Однако для Игоря история еще не кончилась: оставался еще один повод для беспокойства в лице Иогана Эрранте. Честный и неподкупный комиссар не смог на следующее же утро не пойти и не сообщить ему, что у него появился соперник, претендующий на звание убийцы Волси-Бёрнса. Если всем нам повезет, бедолага и дальше будет держаться за свои подвиги. В ветхой, перенаселенной тюрьме, где самоубийства сменялись бунтами, Эрранте пользовался среди сокамерников особым почетом, как будто он победил в конкурсе «Кто хочет выиграть много лет тюрьмы», без труда побив рекорд тихого помешательства, поставленный нашим домашним иллюминатом.

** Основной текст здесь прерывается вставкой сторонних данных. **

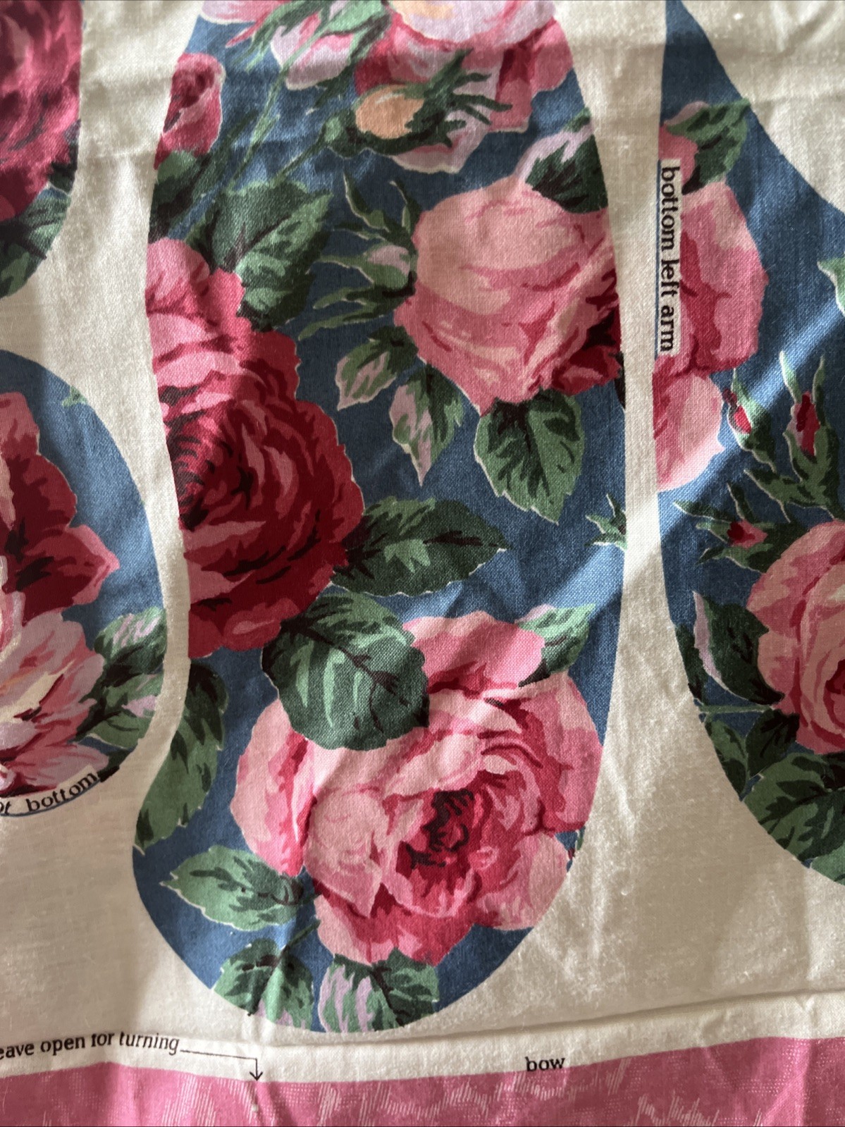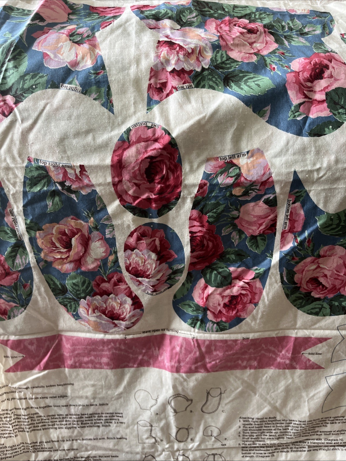 Beautiful colors in this vintage VIP Cranston cut and sew Teddy Bear. Full of Roses! Will be gorgeous when all done up. Shades of pinks blues, a little peach and more shabby chic shades. Please see photos this has been stored for a while there is a little wrinkling on the one small part I am sure there is some prep work before starting these. Would love to make these also “bummer” can’t find sewing lessons so I just keep adding to collection and gotta do A clean out. There are also a couple very small spots on the white again see photos this will not affect your project once cut out. I will be over next couple days doing a major fabric spring clean which will include several other cut n sew dolls and vintage fabric laces will be selling in large lots. So check on back if interested. Any questions please ask thanks.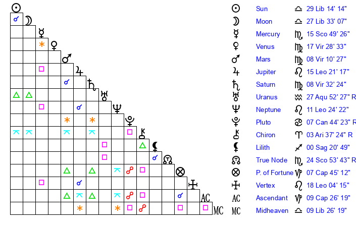 | Moon | 27 Libra 29 | 24 Scorpio 27 | 17 Virgo 3 |
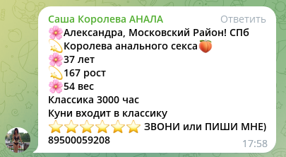 Какая то чисто фотографическая история приключилась. Гуляя по просторам сети, давно уже заприметил анкетку и фотографии меня как то шибко зацепили, хотя типаж не совсем мой, сиськи двойка и чувствуется над ними поработал фотожопер, а на самом деле там два кожаных мешочка и тем не менее все равно свербитъ и тянетъ. Сегодня же утречком решил реализовать свои вожделенчики на практике, неча на фотки попусту пялиться. Позвонил, трубку поднял какой то недовольный, сонный голос, спрашиваю - а Саша нынче на месте? На том конце сразу же произошла какая то волшебная метаморфоза, голос мгновенно ожил и стал сексуально мурлыкающим, не иначе во мне усмотрели праздношатающегося по Санкт-Петербургу Брэда Пита - Да, Саша это я и буду ждать тебя! От одного только разговора чуть не обкончался и, собственно, можно было бы уже не ехать за сим, но, все таки, поспешил выдвинуться. Приехал. Позиционирован правильно. Дверь открыла молодая Админ, такая вся упругий колобок, дала тапки, проводила в комнату и сказав - сейчас приглашу Оксану; оставила меня. Комната весьма просторная, добротная, окно большое, раскрыто на распашку за сим в помещении было как на улице и гулял ветерок, ладно, будем считать это как воздушное охлаждение. Заходит Александра в прозрачно черном пеньюаре, улыбаясь и осторожно глядя на меня сверкающими глазками. - УХ ТЫ!! Непроизвольно вырвалось у меня, на меня шла ожившая фотография. Сходство 100%, я бы сказал 146% если бы не уставшие сиськи, но к этому был готов и психологические фильтры уже работали. Вот так вот встретились как после долгой разлуки, сходу объятия и поцелуи. Не знаю сколько мы так простояли я уже был готов и весь дрожал, но в голову резануло мыслью - Время и Деньги!!! Взял себя в руки, отстранился, дал денег - Господи, Божеш мой! Полотенечко мне принесешь? - Ах, да, конечно, сей час!! - я могу уже раздеваться? - об чем речь? Конечно! Покидал одёжи в кресло и побёг в душ. Санузел совместный, весьма просторный, запирается изнутри на крючок, без идиотских душевых кабинок, а с нормальной ванной, все в наличии, все чисто, все функционирует. Вернулся в комнату, дева уже все расстелила и сама попросилась в ванную. Ждал не долго, дева вошла, мы схлеснулись и больше уже не разъединялись, ну кроме как для смены презервативов, пока админ не затарабанила нервно в дверь. Ну да, всё правильно, иначе мы бы просто поубивали друг друга, мокрые как мыши от пота, было жарко и раскрытое окно не спасало. Расстались с большим трудом, но труба зовет, оделся и откланялся, грозно пригрозив обязательно ещё вернуться. Дева подстраивается великолепно, кажется, что мысли читает, целуется беззаветно, камасутра нервно курит в сторонке, и может это делать хоть целый час, активно, но ненавязчиво. Не на чем не настаивает, но и не лежит бревном, такое активное подчинение. Технически просто идеальна и ни секунду не оставляет без внимания. За минет ничего сказать не могу, не было его, за совершенной его ненадобностью.

Игорь всегда был чокнутым, тут уж Альвизе ничего не мог поделать. Но что должно было измениться, так это наше попустительство его завихрениям. Нечего прикидываться невинными овечками: у нас это плохо получается. Как только нога гениального следователя ступила в ту ночь в мою антресоль, он сразу почуял, что мы что-то скрываем. Это было ясно и по нашему непривычному молчанию, и по нашим взглядам, прикованным к перчатке на картине, словно мы ждали, что она вот-вот шевельнется. Ему-то хорошо знакомы такие бегающие глазки, он их целыми днями наблюдает. Мы с Борисом пособничали Игорю, это мы толкнули его на преступление своими вечными восторгами по поводу убийц и жертв, избиений и распятий, пыток и казней, изображенных на наших картинах. Альвизе предоставлял нам самим догадаться, кто в этой ситуации по-настоящему заслуживает наказания. Как Пилат, и даже больше, комиссар готов был умыть не только руки, но и ноги, чтобы мы только перестали доставать его своими историями. Короткие замыкания, пожары, потопы, орущие младенцы в вонючих подгузниках, англичане с перерезанным горлом, — пожалуйста, мы можем развлекаться всем этим, как нам хочется. А ему дайте довести до конца следствие. Теперь, когда Кьяры больше нет и некому его мучить, он хочет наконец насладиться одиночеством у себя в бельэтаже, забыть о нашем существовании, и по возможности — навсегда. Правда, уже на следующий день, когда мы столкнулись с ним на лестнице, он рассказал мне об одной возмутительной следственной ошибке. Этот законченный мифоман Иоган Эрранте продолжает настаивать на своей виновности, приправив свою ложь одной деталью, которая, если ей поверить, доказывала, что Волси-Бёрнса убил именно он. В «Постали», после того как они поторговались относительно сметы на услуги «Errante Catering», милейший Эдди спросил у него дорогу к одному палаццо, где у него была назначена важная встреча. Откуда провинциалу из Кампальто знать, где находится какой-то палаццо? Англичанин обозвал его молдавским ослом: дополнительное унижение и — раз!